バックパッカー一人旅〜海外旅行記と旅情報

イタリア・イソラベッラ

イタリア共和国

イタリア地図3度目のイタリア。CITIのワールドキャッシュをポルトガルでATMに飲み込まれたので、急遽ローマへ。
その後シチリア島、ナポリを巡る。南イタリアは北イタリアに比べて物価が安く、庶民的な感じがした。人の雰囲気も少し違っていた。

旅のルート

フランス→ローマ→シチリア島・カターニア、シラクーサ→タオルミーナ→メッシーナ、パレルモ、アグリジェント→ナポリ、カプリ島、ポンペイ、サレルノ→ジェノバ→フランス

ローマ〜懐かしのローマ

2004/5/6〜7
朝7時前にローマ・テルミニ駅に到着。駅は新しくキレイになっていた。構内のマクドでコーヒーを飲み、駅周辺のゲストハウスをあたってみた。

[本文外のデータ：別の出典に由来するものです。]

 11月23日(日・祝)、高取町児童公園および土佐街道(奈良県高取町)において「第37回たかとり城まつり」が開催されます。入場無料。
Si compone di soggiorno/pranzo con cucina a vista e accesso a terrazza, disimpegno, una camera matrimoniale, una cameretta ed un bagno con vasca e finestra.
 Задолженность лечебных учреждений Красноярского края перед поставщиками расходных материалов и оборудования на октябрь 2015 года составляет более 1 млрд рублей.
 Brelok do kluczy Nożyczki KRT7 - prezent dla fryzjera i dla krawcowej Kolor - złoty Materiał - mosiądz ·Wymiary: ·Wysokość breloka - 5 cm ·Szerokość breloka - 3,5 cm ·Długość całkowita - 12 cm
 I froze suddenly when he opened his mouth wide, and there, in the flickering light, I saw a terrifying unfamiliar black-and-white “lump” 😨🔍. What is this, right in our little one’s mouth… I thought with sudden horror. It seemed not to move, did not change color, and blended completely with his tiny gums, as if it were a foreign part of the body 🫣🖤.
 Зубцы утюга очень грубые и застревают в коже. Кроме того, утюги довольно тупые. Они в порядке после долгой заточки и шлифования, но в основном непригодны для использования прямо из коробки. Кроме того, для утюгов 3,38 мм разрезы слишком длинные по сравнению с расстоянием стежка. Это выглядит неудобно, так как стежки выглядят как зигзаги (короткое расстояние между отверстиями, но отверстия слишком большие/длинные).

事前にhostelworld.comで数件チェックしておいたのだが、そのうち2軒は無かった。潰れたのか、私が場所を間違えたのか?1軒は呼び鈴を押しても誰も出なかった。
駅横のPOPINN HOSTELに行った。キレイで立地条件も良く、セキュリティーも完璧、朝食つき、スタッフの印象も良いので25ユーロと高額だが、疲れていたのでここに決めた。客層は宿泊代が安くないので年齢層が高く、台湾や韓国の真面目そうな人たちが多かった。

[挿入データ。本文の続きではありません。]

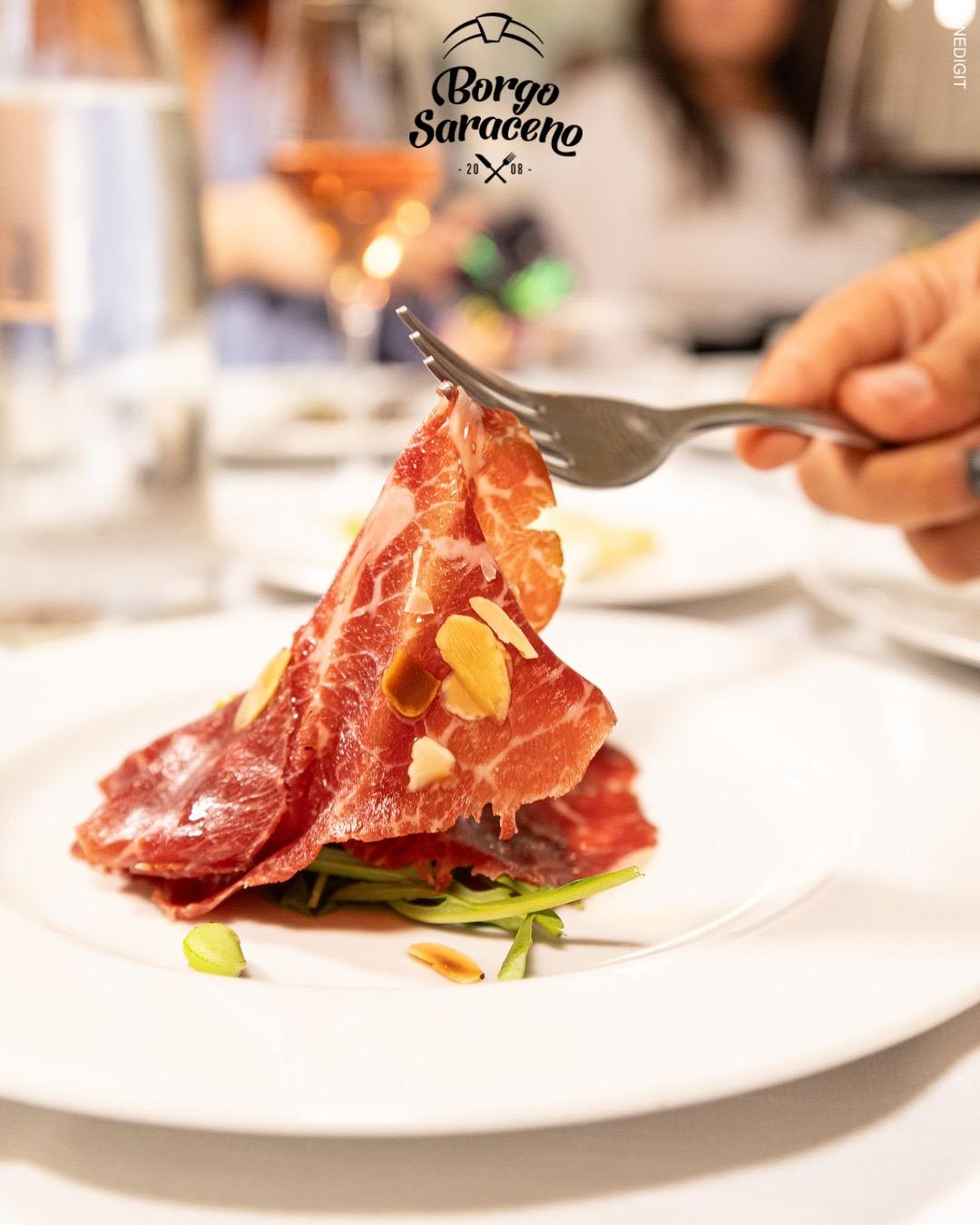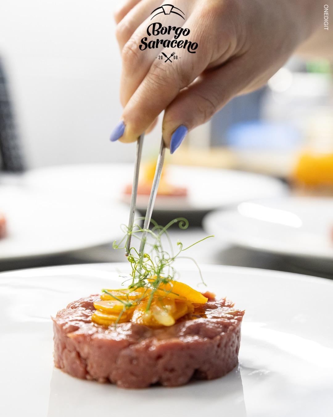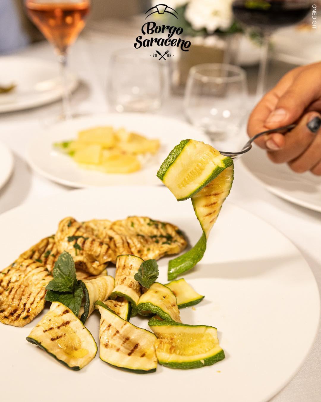 Das Ristorante Borgo Saraceno ist der ideale Ort, um die Küche der Region in einer warmen und authentischen Atmosphäre zu erleben, wo der Genuss am Tisch mit der Einfachheit der lokalen Traditionen verschmilzt. Hier wird jede Mahlzeit zu einem Moment, den man in Ruhe teilen kann, umgeben von echten Aromen und saisonal inspirierten Kombinationen, stets im Einklang mit der gastronomischen Kultur der Gegend.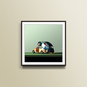 Volkswagen Beetle art. Quite a 'sexy' piece of art this one, so perhaps suitable for the bedroom. :) A take on the mating habits of the insect version of this iconic vehicle.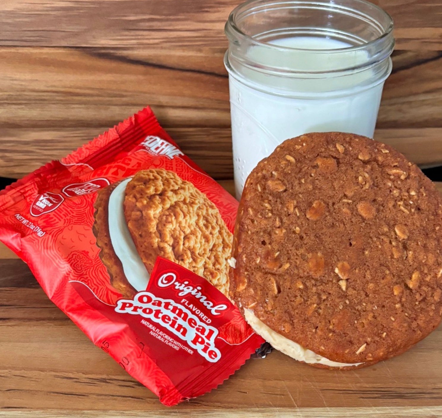 Meet the Oatmeal Protein Pie®: a unique, naturally flavored, non-GMO protein cookie with 14g protein, 12g fiber per pie! Enjoy the irresistible handmade flavor of oatmeal cookies hugging a marshmallow cream filling. You won't believe a healthy treat tastes this good!
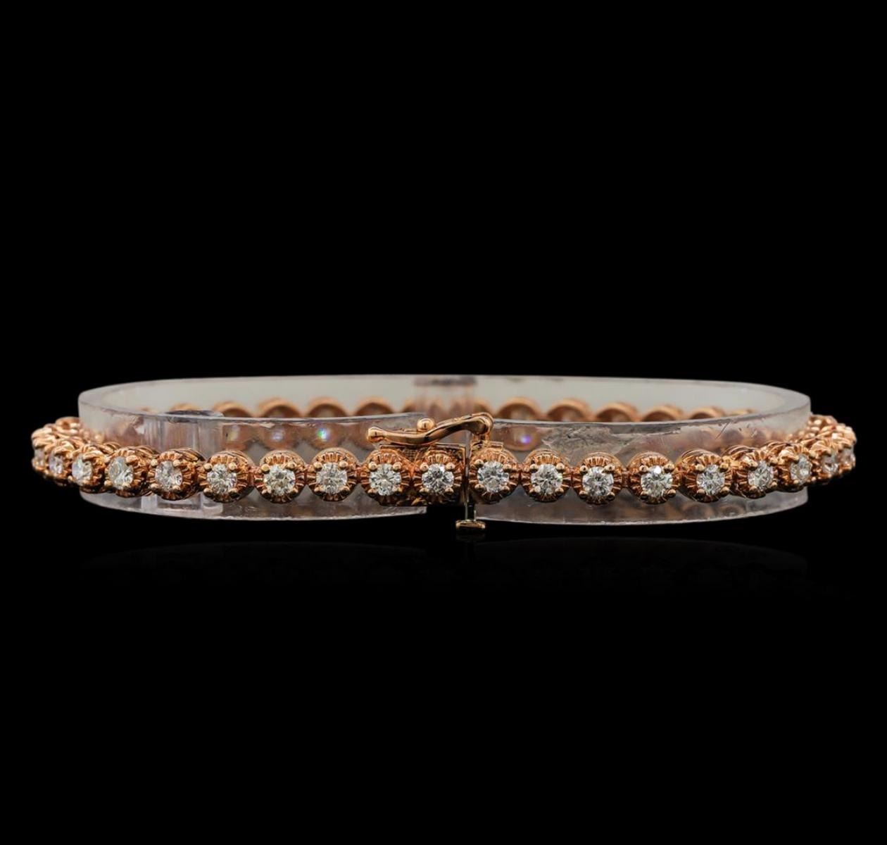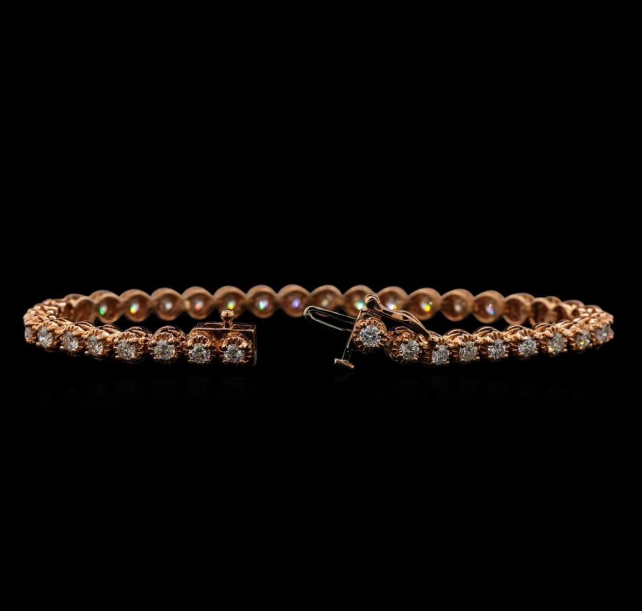 One electronically tested 14KT rose gold ladies cast diamond tennis bracelet with a hidden box clasp with safety closer with a bright polish finish. Measurements: 7" in length Identified with markings of "14K". Condition is new. Containing: Thirty-Nine prong set round brilliant cut diamonds, measuring 2.80 - 2.80 x 1.68mm (depth est.) approximate total weight of 39 Stones = 3.28ct. Clarity: SI-2 to I-1. Color: H - I, Cut is Good. All diamonds are graded in the mounting, unless otherwise stated. Total Weight of Diamonds 3.28ct. Total Weight of Tennis Bracelet 14.70 grams. GGL Appraised.

7年ぶりのローマは、懐かしかった。サンタ・マリア・マッジョーレ教会で旅の無事をお祈りし、道路の緑地帯の中にあるカフェに入った。ここでうっかり座ってしまい、エスプレッソと乾燥した玉子サンドで倍の値段の4ユーロも払うはめになった。座るとチャージが加算されるのを忘れていた!気をつけなければ!
そしてJTBオフィスでCITIワールドキャッシュの再発行手続きを済ませた。こういうときこそ、ジャパンで良かった、と心から思える。さすがである!ジャパン天晴れ!使用可能か確認する為、後2日ローマに滞在する必要があった。ゲストハウスの女性スタッフに延泊すると言うと、一泊につき2ユーロまけてくれた。彼女はとても美人で明るくて、レストランの割引券をくれたり(行けなかったが)、私の事を気にかけてくれた。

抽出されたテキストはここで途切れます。